Highly multiplexed tissue imaging using any of a variety of optical and mass-spectrometry-based methods (Supplementary Table 1) combines deep molecular insight into the biology of single cells with spatial information traditionally acquired using histological methods, such as hematoxylin and eosin (H&E) staining and immunohistochemistry (IHC)1. As currently practiced, multiplexed tissue imaging of proteins involves 20–60 channels of two-dimensional (2D) data, with each channel corresponding to a different antibody or colorimetric stain (Fig. 1). Multiple inter-institutional and international projects, such as the Human Tumor Atlas Network (HTAN)2, the Human BioMolecular Atlas Program (HuBMAP)3 and the LifeTime Initiative4, aim to combine such highly multiplexed tissue images with single-cell sequencing and other types of omics data to create publicly accessible atlases of normal and diseased tissues. Easy public access to primary and derived data is an explicit goal of these atlases and is expected to encompass native-resolution images, segmented single-cell data, anonymized clinical metadata and treatment history (for human specimens), genetic information (particularly for animal models) and specification of the protocols used to acquire and process the data. Given the imminent release of the first atlases, an urgent need exists for data and metadata standards consistent with emerging Findable, Accessible, Interoperable, and Reusable (FAIR) standards5. In this commentary, we establish the Minimum Information about Highly Multiplexed Tissue Imaging (MITI) standard and associated data-level definitions; we also discuss the relationship of MITI to existing standards, practical implementations and future developments.

Fig. 1: The steps in a canonical multiplexed tissue imaging experiment and the associated metadata.
figure 1

In a typical workflow, samples collected from patient biopsies and resections or from animal models are formaldehyde fixed and paraffin embedded or frozen, and are then sectioned and mounted onto either a standard glass microscope slide (for CyCIF, mIHC, IMC, MELC or mxIF), fluidic chamber (for CODEX) or specialized carriers (for MIBI).

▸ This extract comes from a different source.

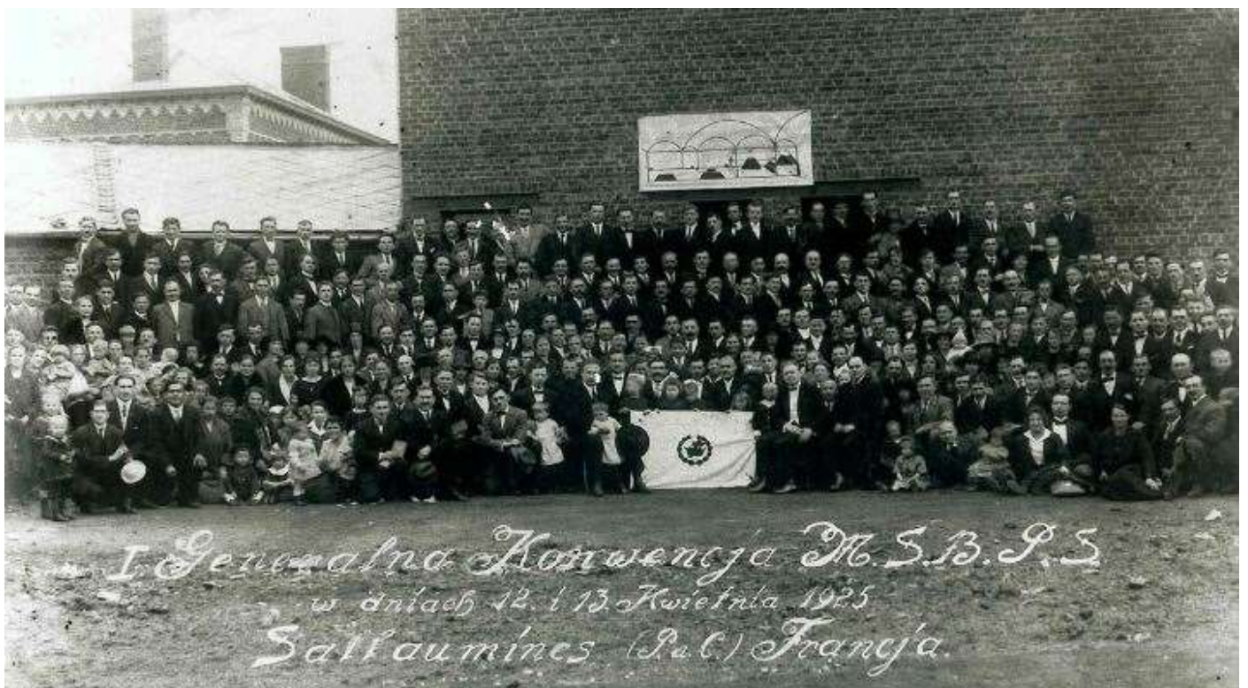
The Bible Students Convention in France, 1925
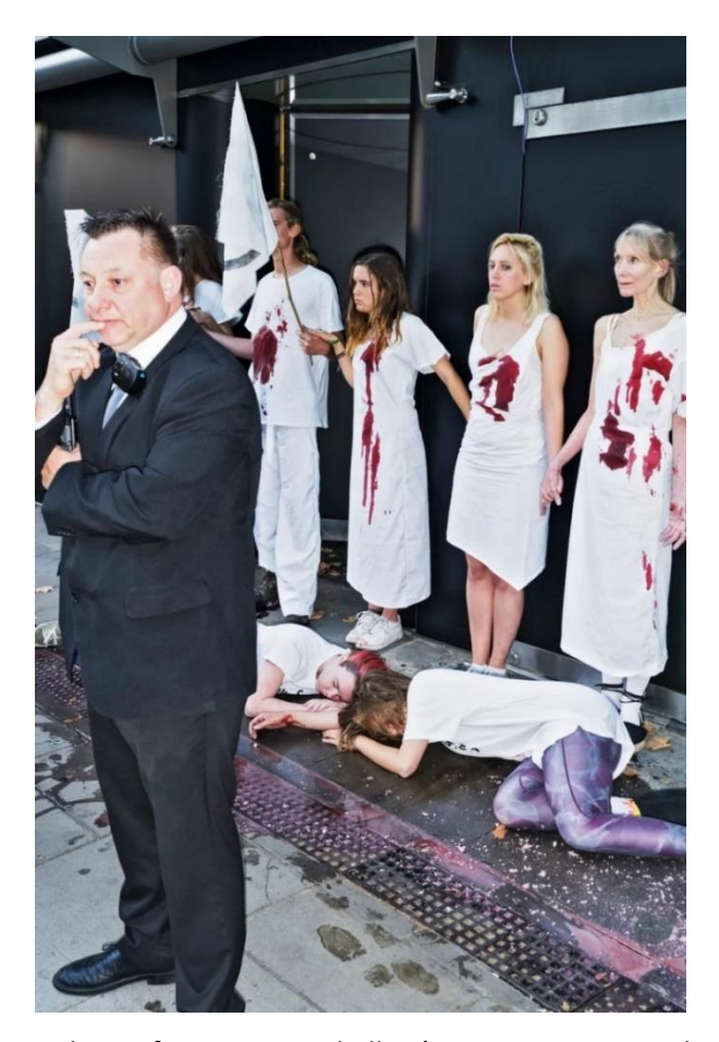
Figure 2. Photo of Extinction Rebellion's openings protest during the London Fashion Week 2019

Clinical and biospecimen metadata (extracted from clinical records, for example) are linked to all other levels of metadata via a unique ID (Biospecimen ID). Data are acquired using cyclical or noncyclical staining and imaging methods, and both reagent and experimental metadata (consisting of antibody, reagent and instrument metadata) are collected. In both cyclic and noncyclic methods, sections undergo preprocessing, antigen retrieval and antibody incubation, and images are acquired. In cyclic imaging methods, fluorophores or chromogens are inactivated or removed and additional antibodies and/or visualization reagents are applied and data acquisition repeated. Channel and instrument metadata capture these essential details.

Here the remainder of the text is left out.